Stage related metabolic profile of synovial fluid in patients with acute flares of knee osteoarthritis
Background and aim. Osteoarthritis (OA) is the most common joint condition and the leading cause of pain and disability in elderly patients. Currently, there is no biomarker available for the early diagnosis of OA, and limited data is available regarding the molecular basis of progression for OA. For this reason, this study aimed to identify the metabolomic profile of early and late OA using high-performance liquid chromatography coupled with untargeted mass spectrometry (LC-MS).
Methods. 31 patients with knee OA and joint effusion were enrolled. Based on Kellgren/Laurence scale, 12 patients were classified as early OA (eOA) and 19 as late OA (lOA). The synovial fluid (SF) was collected and characterized by untargeted LC-MS. Only the metabolites identified in more than 25% of each group were kept for further analysis. Principal component analysis (PCA) enabled the unsupervised clustering of the eOA and lOA groups. Further, for classification, the best three principal components (PCs) were used as input for two machine learning algorithms (random forest and naïve Bayes), which were trained to discriminate between the eOA and lOA groups.
Results. 43 metabolites were identified in both eOA and lOA, but after selecting the metabolites present in at least 25% of the patients in each group, the metabolomics analysis yielded a panel of only nine metabolites: four metabolites related to phospholipids (phosphatidylcholine 20:0/18:2 and 18:0/20:2, sphingomyelin, and ceramide), three metabolites belonging to purine metabolites (inosine 5'-phosphate, adenosine thiamine diphosphate, and diadenosine 5',5'-diphosphate), one metabolite was a gonadal steroid hormone (estrone 3-sulfate), and one metabolite represented by heme, with all but ceramide (d18:1/20:0) being enriched in the lOA group. By using as features the best three PCs (PC2, PC8 and PC9), random forest and naïve Bayes machine learning algorithms yielded a classification accuracy of 0.81 and 0.78, respectively.

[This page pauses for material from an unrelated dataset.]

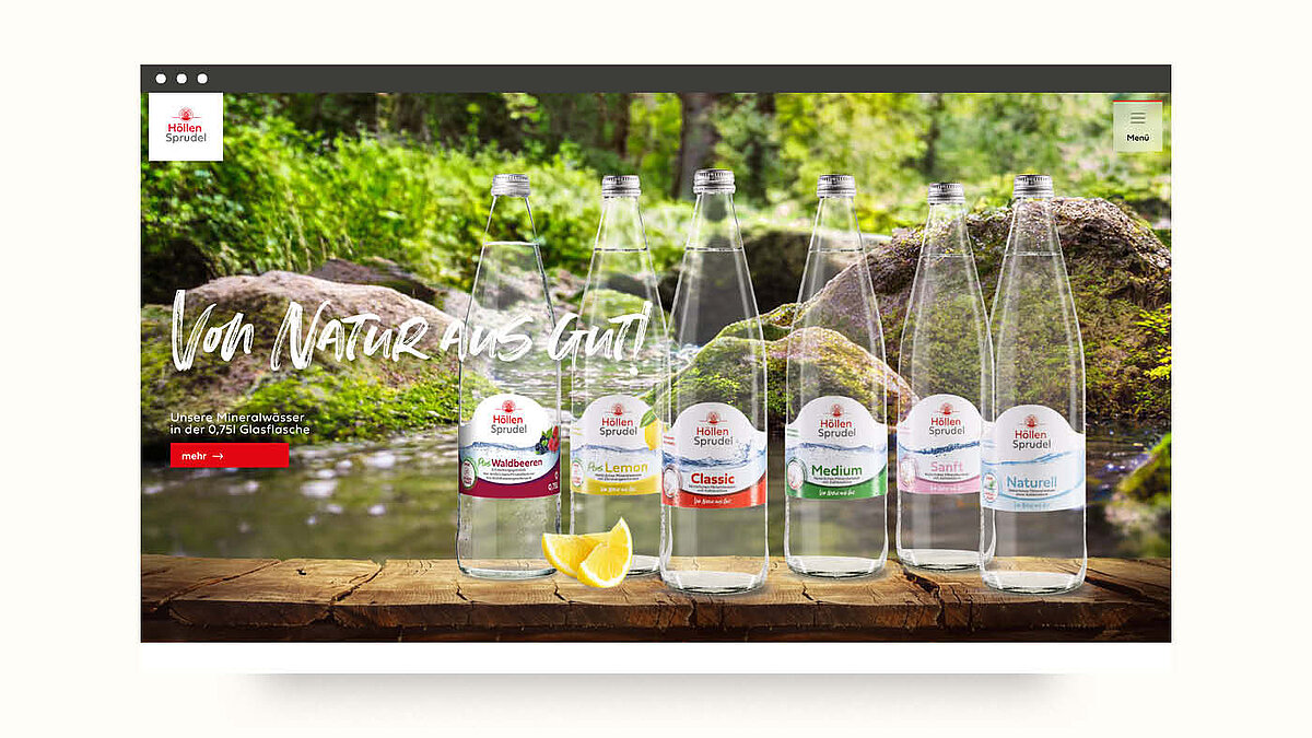 HöllenSprudel ist ein mittelständisches Familienunternehmen, mit natürlichem Mineralwasser direkt aus der Region. Mit eigenem Wasserkraftwerk und umweltschonenden Verfahren produziert das Unternehmen jährlich 70 Millionen Flaschen seiner beliebten Getränke. Mitten im malerischen Höllental in Oberfranken gelegen, lädt das Unternehmen seine Besucher ein, die Schönheit der Natur zu entdecken und die Ruhe der Umgebung zu genießen. Um die Online-Präsenz zu verbessern und den Kundenstamm zu erweitern, plante das Unternehmen die Neugestaltung seiner Website.

Conclusion. Our LC-MS analysis of SF from patients with eOA and lOA indicates stage-dependent differences, lOA being associated with a perturbed metabolome of phospholipids, purine metabolites, gonadal steroid hormones (estrone 3-sulfate) and a heme molecule. Specific questions need to be answered regarding the biosynthesis and function of these metabolites in osteoarthritic joints, with the aim of developing new relevant biomarkers and therapeutic strategies.